It’s the showroom for this company 3Nod, and it took a while to figure out what the company did. The 3D room sized screen intro video communicated that they were all about creating a better future (implication: for wealthy people who live in spaceships). But the showroom was full of bluetooth speakers and headphones. Their vision of a smart home was just projector walls (a la Fahrenheit 451, surrounded by TVs…) I liked the style of the furniture, though one of my compatriots pointed out that they’d be pretty useless in practice, unless you can do all of your work via touchscreen.

Also the lights kinda clicked on and off without warning, the screens seemed to react to your gestures but didn’t do a great job (cause it’s Kinect based and it’s unreliable and everyone moved on from arm-wavey-HCI decades ago) so it seemed like their vision of the future was full of glitches and really needless technology stacks. There’s four projectors for that one wall. That’s like 2kW to have a bamboo forest by your couch. It would literally take less energy to just grow bamboo in your living room.
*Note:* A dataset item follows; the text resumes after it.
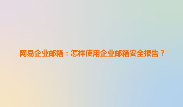 2025-04-09网易企业邮箱:如何使用企业邮箱安全报告 简介 在当今信息化时代,企业邮箱作为企业内部和外部沟通的重要工具,其安全性显得尤为重要。网易企业邮箱作为国内领先的企业邮箱服务提供商,提供了全面的安全报...

I really liked the couch tho.

Anyway we briefly met with Richard up in his office full of cigars and brandy. Very hollywood personality and attire. He kind of just pitched his company and his personal story to us without any context of why he’d invited a bunch of hackers/makers for a tour. He wanted to meet with Mitch and suggested the rest of us continue a tour of the building and hang out in his office on the top floor where he entertains. So there we were, a dozen idealists walking around gawking at this guy that makes his millions selling headphones with Wil.i.am. Alex took on entertaining us with piano and Jona performed a Chinese tea ceremony.

I noted that even surrounded by ostentatious wealth, sitting on plush couches, people still turn to their smartphones when they’re bored. Nothing all that exciting about it.

Ah, but no one is checking their phones in this last photo — we caught a ride to ShenzhenDIY. Well, the bus got us to the neighborhood but didn’t want to go onto the skinnier streets, so it was a nice walk. First past bustling markets with flashing LED and neon signage, electric bikes and mopeds weaving through people crossing the street, then through a dark alley with unfinished pavement such that a flashlight was necessary not to trip. Up a few flights of stairs in an old concrete building that I later learned housed a clothing factory and a Japanese sword factory (wait what?) we made it to the first real hackerspace of China, a tight community of people excited to meet visitors and share projects and passions. A DIY car chassis sat behind a comfy couch. Guitars and mixing boards sat against the wall. People passed around the microchips they were excited to write programs for. We went in a circle introducing ourselves and an expat member of the space announced in surprise that he is also from San Antonio, and he has never been in a room with so many Texans in China (two people in our tour group in the same room, pretty easy record to beat!)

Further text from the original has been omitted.